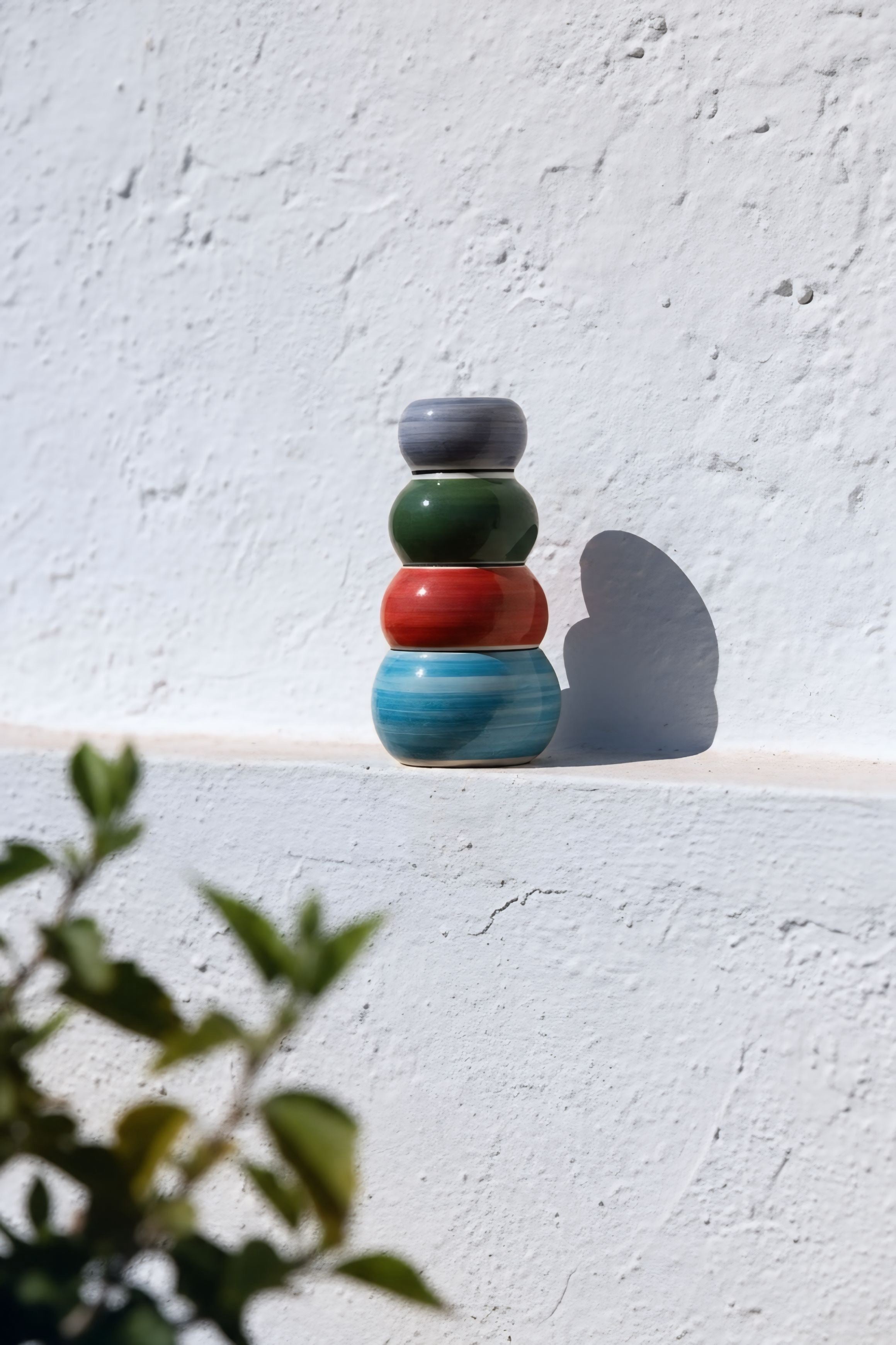 Pieza escultórica en barro rojo, esmaltada en blanco y decorada a mano con franjas de color en azul, rojo, verde y violeta. Los volúmenes superpuestos generan un perfil orgánico y vertical con lectura escultórica. Cada jarrón se modela y pinta individualmente en el taller de Madrid, conservando las variaciones propias de la cerámica artesanal.
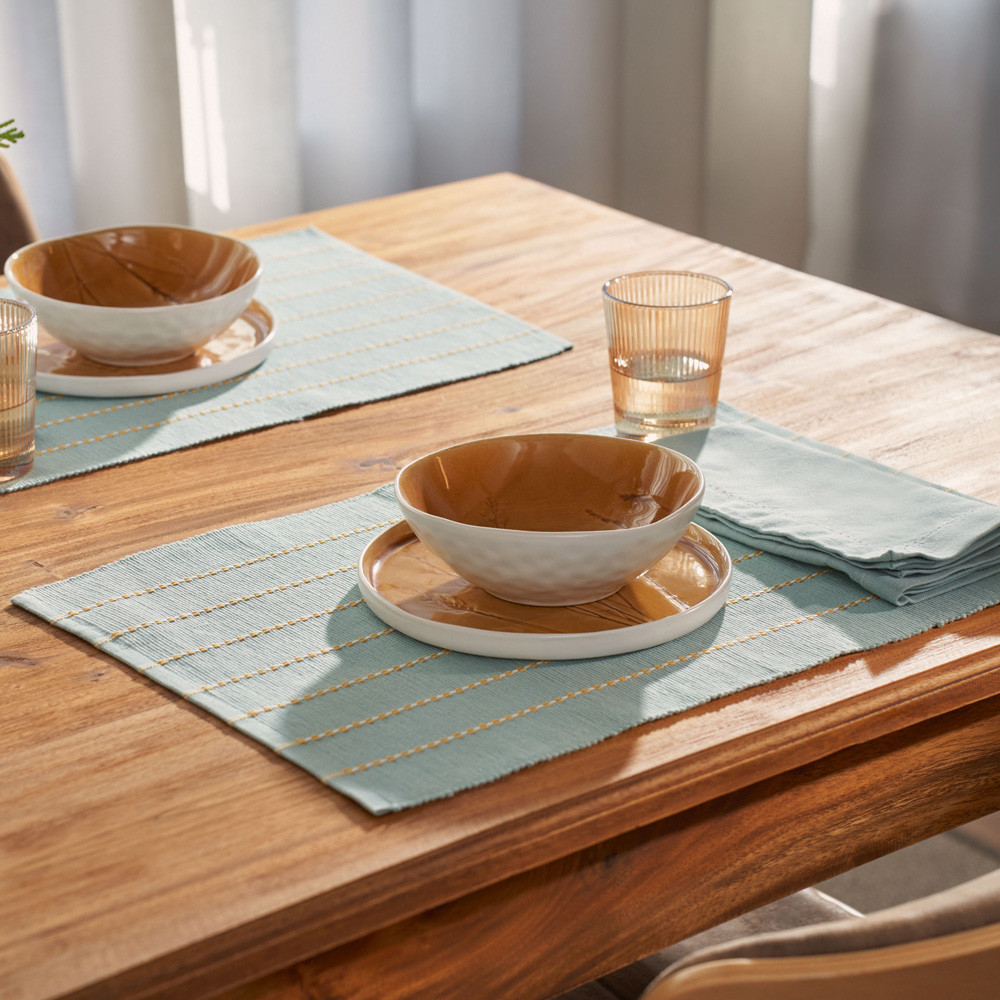 Placemat jacquard reversible with geometric details. 100% cotton. A simple and modern style will have a nice look on the table. Soft and absorbent. Easy to combine with our kitchen linens.
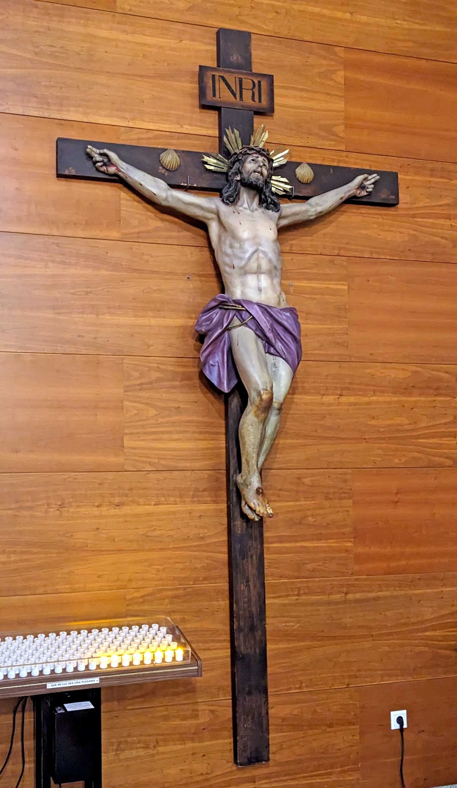La Cruz plana, oscura y grande lleva dos conchas colocadas sobre el travesaño entre las manos del Cristo. La cartela es un simple panel grande con ligero y oscuro sombreado en los bordes.
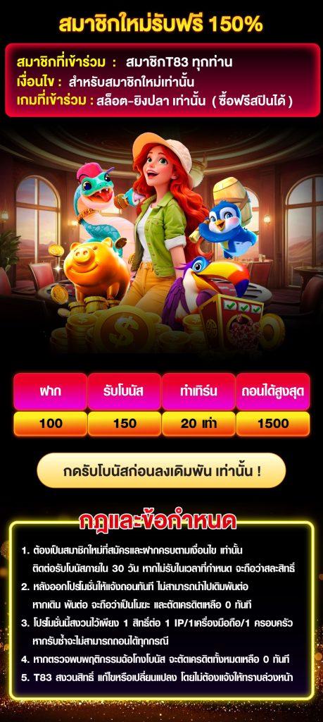 t83 • t83 สมาชิกใหม่ 150% และโปรอื่นๆ อีกมากมาย เว็บมาแรง 2026

* * * * * * *

Please transcribe exactly the lines from the one containing "Placemat jacquard reversible" through the final line of the data, including both, and nothing else. Pictures are to be left out.

**Answer box:**
 Placemat jacquard reversible with geometric details. 100% cotton. A simple and modern style will have a nice look on the table. Soft and absorbent. Easy to combine with our kitchen linens.
La Cruz plana, oscura y grande lleva dos conchas colocadas sobre el travesaño entre las manos del Cristo. La cartela es un simple panel grande con ligero y oscuro sombreado en los bordes.
 t83 • t83 สมาชิกใหม่ 150% และโปรอื่นๆ อีกมากมาย เว็บมาแรง 2026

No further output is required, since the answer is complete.